All of these books just simply make people more selfish, more egocentric, more concerned about themselves rather than about their fellow man. And it's rather interesting that this is the trend of the late 70s and probably will go on right into the 80s despite the fact that most of us will recall that in the 60s — particularly the late 60s and early 70s — we had what appeared to be a different movement, short-lived as it turned out to be. That was the movement where our younger people and our so-called enlightened people were more and more concerned about the environment, more and more concerned about the social issues of the time.

But right now, if you would just look on the bookstore shelves, you would see one book after another, some written by doctors, some by psychologists, some by sociologists, some written by people with not even those credentials — just people who thought it might be a good idea to tell others how they, too, can gain success. And the interesting thing is, in many cases, the men who write the books never had any success until they wrote the books dealing with "YOU TOO CAN BE A SUCCESS." And somehow or other, these books sell enough copies to make two or three million dollars. And that makes the particular authors successful.

I caution you about those books because it has become the kind of chic thing today to think in terms of the behavioral scientists, who seem to have the answers to everything. But the Bible, it's always ignored.

As Mr. Armstrong and I were discussing last week in his study in Tucson, if you were to listen to the behavioral scientists on the subject of child rearing, you would very soon have to do away with the fifth commandment, honor thy parents. Because as you well know, those behavioral scientists teach their disciples that you shouldn't expect a child to automatically give respect to the parent — that the parent must "earn" that respect. Before you know it, not only are the parents sparing the rod and spoiling the child, but the child is literally running wild and the parents are very soon fearful of their own children. I assure you that most juvenile delinquency is a direct result in almost every case of the failure of the parent to raise the child according to biblical principles. In many cases the parent is so fearful of the child, not only of the child's disapproval and disrespect, but sometimes even fearful of the child in a physical way. And therefore, there can be no discipline in the home. And parents just simply raise their hands and say there's nothing we can do about it.

I mention all of that because I too just recently read an article, which wasn't bad actually. It was on the subject of fear, success and failure. But the important ingredient that I found that was missing was faith. The article didn't tell you how to overcome your fear in order to achieve some measure of success. And I felt t hat it would be good to share with you today my feelings about how to overcome fear of any kind, and of course, to do so, one falls back on a gift of God called faith.

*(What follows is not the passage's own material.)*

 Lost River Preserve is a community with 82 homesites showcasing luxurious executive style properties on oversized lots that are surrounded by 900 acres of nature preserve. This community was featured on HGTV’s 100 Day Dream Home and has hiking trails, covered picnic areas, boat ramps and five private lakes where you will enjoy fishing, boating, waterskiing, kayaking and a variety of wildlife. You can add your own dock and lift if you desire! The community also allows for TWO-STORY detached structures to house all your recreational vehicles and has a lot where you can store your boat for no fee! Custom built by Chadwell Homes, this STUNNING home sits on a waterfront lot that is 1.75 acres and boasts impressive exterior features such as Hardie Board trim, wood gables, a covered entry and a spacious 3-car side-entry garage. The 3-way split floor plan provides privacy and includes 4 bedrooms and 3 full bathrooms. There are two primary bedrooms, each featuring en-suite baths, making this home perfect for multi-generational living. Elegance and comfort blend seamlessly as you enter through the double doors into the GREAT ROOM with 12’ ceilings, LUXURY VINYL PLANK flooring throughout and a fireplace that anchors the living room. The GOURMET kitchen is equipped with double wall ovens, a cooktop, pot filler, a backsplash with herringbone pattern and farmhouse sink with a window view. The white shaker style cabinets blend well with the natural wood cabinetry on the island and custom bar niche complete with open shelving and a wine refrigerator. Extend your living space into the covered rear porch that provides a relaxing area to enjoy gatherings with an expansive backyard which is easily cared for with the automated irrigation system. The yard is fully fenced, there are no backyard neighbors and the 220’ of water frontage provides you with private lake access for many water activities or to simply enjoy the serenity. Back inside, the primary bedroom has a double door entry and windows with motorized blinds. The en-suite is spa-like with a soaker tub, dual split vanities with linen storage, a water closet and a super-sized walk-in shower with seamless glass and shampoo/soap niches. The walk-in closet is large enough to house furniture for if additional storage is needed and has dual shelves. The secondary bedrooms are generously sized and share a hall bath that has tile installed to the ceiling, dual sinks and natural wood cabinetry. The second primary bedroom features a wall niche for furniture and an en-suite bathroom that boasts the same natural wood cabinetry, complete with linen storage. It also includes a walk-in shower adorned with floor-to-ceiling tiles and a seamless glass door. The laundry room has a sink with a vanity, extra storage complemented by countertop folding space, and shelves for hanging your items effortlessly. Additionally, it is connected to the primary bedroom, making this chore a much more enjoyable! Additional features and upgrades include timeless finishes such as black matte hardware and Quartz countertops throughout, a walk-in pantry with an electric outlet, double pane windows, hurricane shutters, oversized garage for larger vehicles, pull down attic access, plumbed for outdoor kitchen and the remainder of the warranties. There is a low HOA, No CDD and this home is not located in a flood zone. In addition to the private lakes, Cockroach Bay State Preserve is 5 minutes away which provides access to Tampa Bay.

But I'm sure there are some of you in this congregation today who at some time in your life have been afraid to try because you've been afraid to fail. Many are so fearful of failure that they are literally frozen by that fear. People don't want to risk a hurt or an embarrassment that might come from a failure. So very often they venture nothing.

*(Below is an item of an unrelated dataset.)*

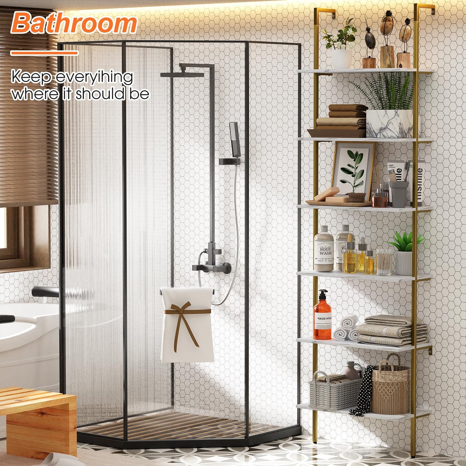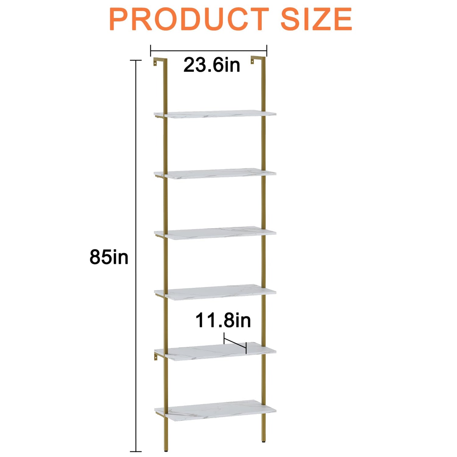Wolawu Ladder Shelf 6 Tiers Marble White Modern Bookshelf Open Tall Wall Mount Bookcase Standing Leaning Wall Shelves Industrial Decorative Living Room Bed Room
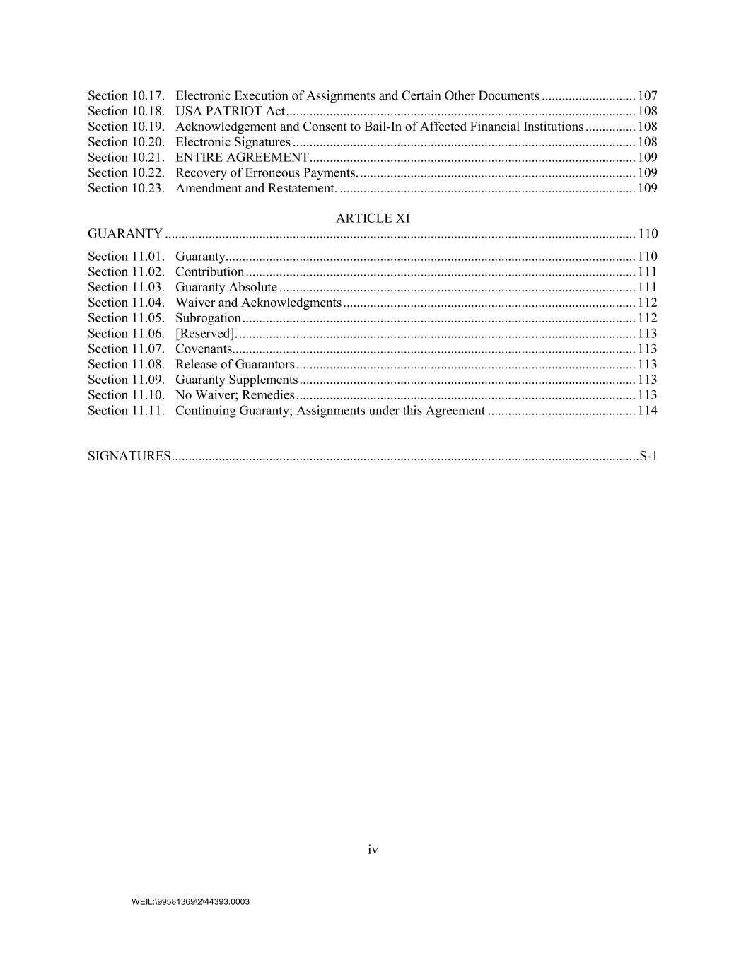 iv WEIL:\99581369\2\44393.0003 Section 10.17. Electronic Execution of Assignments and Certain Other Documents ............................ 107 Section 10.18. USA PATRIOT Act ........................................................................................................ 108 Section 10.19. Acknowledgement and Consent to Bail-In of Affected Financial Institutions ............... 108 Section 10.20. Electronic Signatures ...................................................................................................... 108 Section 10.21. ENTIRE AGREEMENT ................................................................................................. 109 Section 10.22. Recovery of Erroneous Payments. .................................................................................. 109 Section 10.23. Amendment and Restatement. ........................................................................................ 109 ARTICLE XI GUARANTY ............................................................................................................................................ 110 Section 11.01. Guaranty.......................................................................................................................... 110 Section 11.02. Contribution .................................................................................................................... 111 Section 11.03. Guaranty Absolute .......................................................................................................... 111 Section 11.04. Waiver and Acknowledgments ....................................................................................... 112 Section 11.05. Subrogation ..................................................................................................................... 112 Section 11.06. [Reserved]. ...................................................................................................................... 113 Section 11.07. Covenants........................................................................................................................ 113 Section 11.08. Release of Guarantors ..................................................................................................... 113 Section 11.09. Guaranty Supplements .................................................................................................... 113 Section 11.10. No Waiver; Remedies ..................................................................................................... 113 Section 11.11. Continuing Guaranty; Assignments under this Agreement ............................................ 114 SIGNATURES ........................................................................................................................................... S-1

I recall when my younger daughter was about 17 and she began to open up a little bit to me about some of her emotional attachments, particularly with members of the opposite sex, we had a very important discussion. And I told her in the process that if she were going to learn to love someone and love someone deeply enough to have that kind of concern for that person that will lead to the kind of relationship that will be lasting, that she was going to have to overcome the fear of being hurt. She was going to have to overcome the fear of not having that love or that affection returned. And I think that whatever I told my daughter on that occasion had some effect because she began to form the right kind of relationships with young men, and she's now married and seems to have found a man who feels exactly the way about her that she feels about him. But unless she had been willing, as I explained, to be vulnerable, to be hurt, if necessary, in case that love was not returned, she would without a doubt not find the kind of mate that would lead to the kind of relationship that she hoped for.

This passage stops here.